▸ **WORK REQUIRED**:
In the data below, the answer is the run of lines from the line containing "二队的参赛项目是《供水管道中" through the line containing "Predicts Growth –", both included; print it exactly and nothing else.

▸ **DATA TO EXAMINE**:
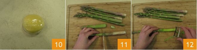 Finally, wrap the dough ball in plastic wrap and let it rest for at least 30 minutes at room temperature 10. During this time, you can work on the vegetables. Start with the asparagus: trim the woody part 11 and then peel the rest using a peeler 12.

==

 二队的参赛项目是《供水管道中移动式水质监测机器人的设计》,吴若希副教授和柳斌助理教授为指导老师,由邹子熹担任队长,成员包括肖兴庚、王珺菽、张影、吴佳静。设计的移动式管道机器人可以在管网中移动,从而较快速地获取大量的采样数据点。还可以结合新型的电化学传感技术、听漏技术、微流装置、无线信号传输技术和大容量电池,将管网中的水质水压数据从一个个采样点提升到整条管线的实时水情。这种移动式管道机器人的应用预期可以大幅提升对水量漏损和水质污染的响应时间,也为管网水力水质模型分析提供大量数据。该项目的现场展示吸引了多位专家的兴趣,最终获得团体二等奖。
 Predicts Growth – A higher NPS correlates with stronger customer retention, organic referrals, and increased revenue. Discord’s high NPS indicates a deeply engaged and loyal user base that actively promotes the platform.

...

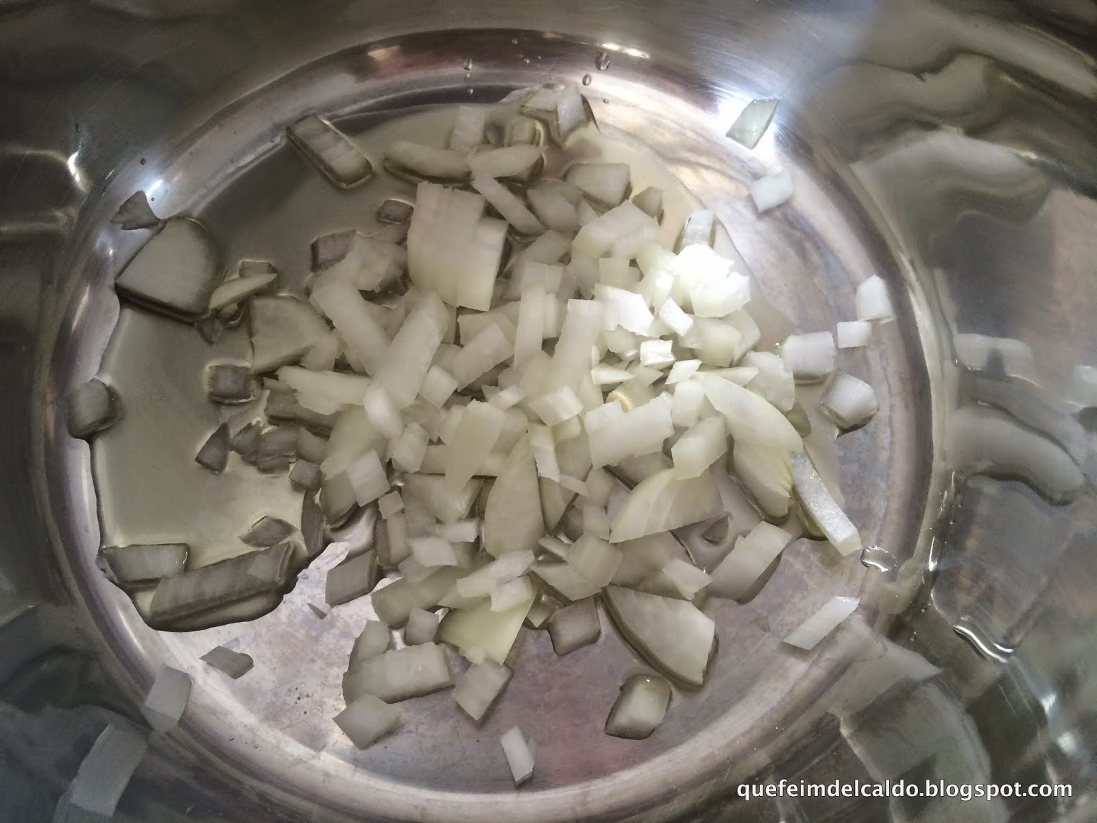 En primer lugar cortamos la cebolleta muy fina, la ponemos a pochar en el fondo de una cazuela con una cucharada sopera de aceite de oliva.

▸ **ANSWER FOR THE TASK**:
 二队的参赛项目是《供水管道中移动式水质监测机器人的设计》,吴若希副教授和柳斌助理教授为指导老师,由邹子熹担任队长,成员包括肖兴庚、王珺菽、张影、吴佳静。设计的移动式管道机器人可以在管网中移动,从而较快速地获取大量的采样数据点。还可以结合新型的电化学传感技术、听漏技术、微流装置、无线信号传输技术和大容量电池,将管网中的水质水压数据从一个个采样点提升到整条管线的实时水情。这种移动式管道机器人的应用预期可以大幅提升对水量漏损和水质污染的响应时间,也为管网水力水质模型分析提供大量数据。该项目的现场展示吸引了多位专家的兴趣,最终获得团体二等奖。
 Predicts Growth – A higher NPS correlates with stronger customer retention, organic referrals, and increased revenue. Discord’s high NPS indicates a deeply engaged and loyal user base that actively promotes the platform.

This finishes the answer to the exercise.